What does web scraping refer to? Many sites do not provide their data under public APIs, so web scrapers extract data directly from the browser. It’s a lot like a person copying text manually, but it’s done in the blink of an eye.

When you consider that better business intelligence means better decisions, this process is more valuable than it seems at first glance. Websites are producing more and more content, so doing this operation entirely by hand is not advisable anymore.

You might be wondering, "What am I going to do with this data?". Well, let's see a few of the use cases where web scraping can really come in handy:

Lead generation: an ongoing business requires lead generation to find clients.
Price intelligence: a company's decision to price and market its products will be informed by competitors’ prices.
Machine learning: to make AI-powered solutions work correctly, developers need to provide training data.

Detailed descriptions and additional use cases are available in this well-written article that talks about the value of web scraping.

Despite understanding how web scraping works and how it can increase the effectiveness of your business, creating a scraper is not that simple. Websites have many ways of identifying and stopping bots from accessing their data.

Here are some examples:

Completely Automated Public Turing Tests (CAPTCHAs): These logical problems are reasonably easy to solve for people but a significant pain for scrapers.
IP blocking: if a website determines multiple requests are coming from the same IP address, it can block access to that website or greatly slow you down.
Honeypots: invisible links that are visible to bots but invisible to humans; once the bots fall for the trap, the website blocks their IP address.
Geo-blocking: the website may geo-block certain content For instance, you may be given regionally specific information when you asked for input from another area (for example, plane ticket prices).

Dealing with all these hurdles is no small feat. In fact, while it’s not too hard to build an OK bot, it’s damn difficult to make an excellent web scraper. Thus, APIs for web scraping became one of the hottest topics in the last decade.

WebScrapingAPI collects the HTML content from any website and automatically takes care of the problems I mentioned earlier. Furthermore, we are using Amazon Web Services, which ensures speed and scalability. Sounds like something you might like? Start your free WebScrapingAPI trial, and you will be able to make 5000 API calls for the first 14 days.

了解网络

To understand the Web, you need to understand Hypertext Transfer Protocol (HTTP) which explains how a server communicates with a client. There are multiple pieces of information that a message contains that describe the client and how it handles data: method, HTTP version, and headers.
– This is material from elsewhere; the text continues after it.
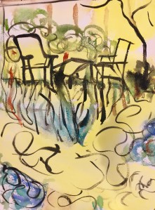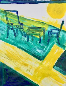 For her assignment, I started to describe the garden scene by using bold geometric lines using a large yellow Y shapes of sunlight to divide the chairs and table from plant life. I viewed these landscaping lines as compositional

Web scrapers use the GET method for HTTP requests, meaning that they retrieve data from the server. Some advanced options also include the POST and the PUT methods. For details, you can view here a detailed list of the HTTP methods.

Several additional details about requests and responses can be found in HTTP headers. You can consult the complete list of them, but the ones relevant in web scraping are:

User-Agent: indicates the application, operating system, software, and version; web scrapers rely on this header to make their requests seem more realistic.
Host: the domain name of the server you accessed.
Referrer: contains the source site the user visited; accordingly, the content displayed can differ, so this fact has to be considered as well.
Cookie: keeps confidential information about a request and the server (such as authentication tokens).
Accept: ensures the response for the server is in a specific type (ex: text/plain, application/json, etc.).

Understanding Java

Java, an open-source, object-oriented language, making it one of the most popular programming languages. Almost two decades have passed since we first encountered Java, and the programming language has become increasingly accessible.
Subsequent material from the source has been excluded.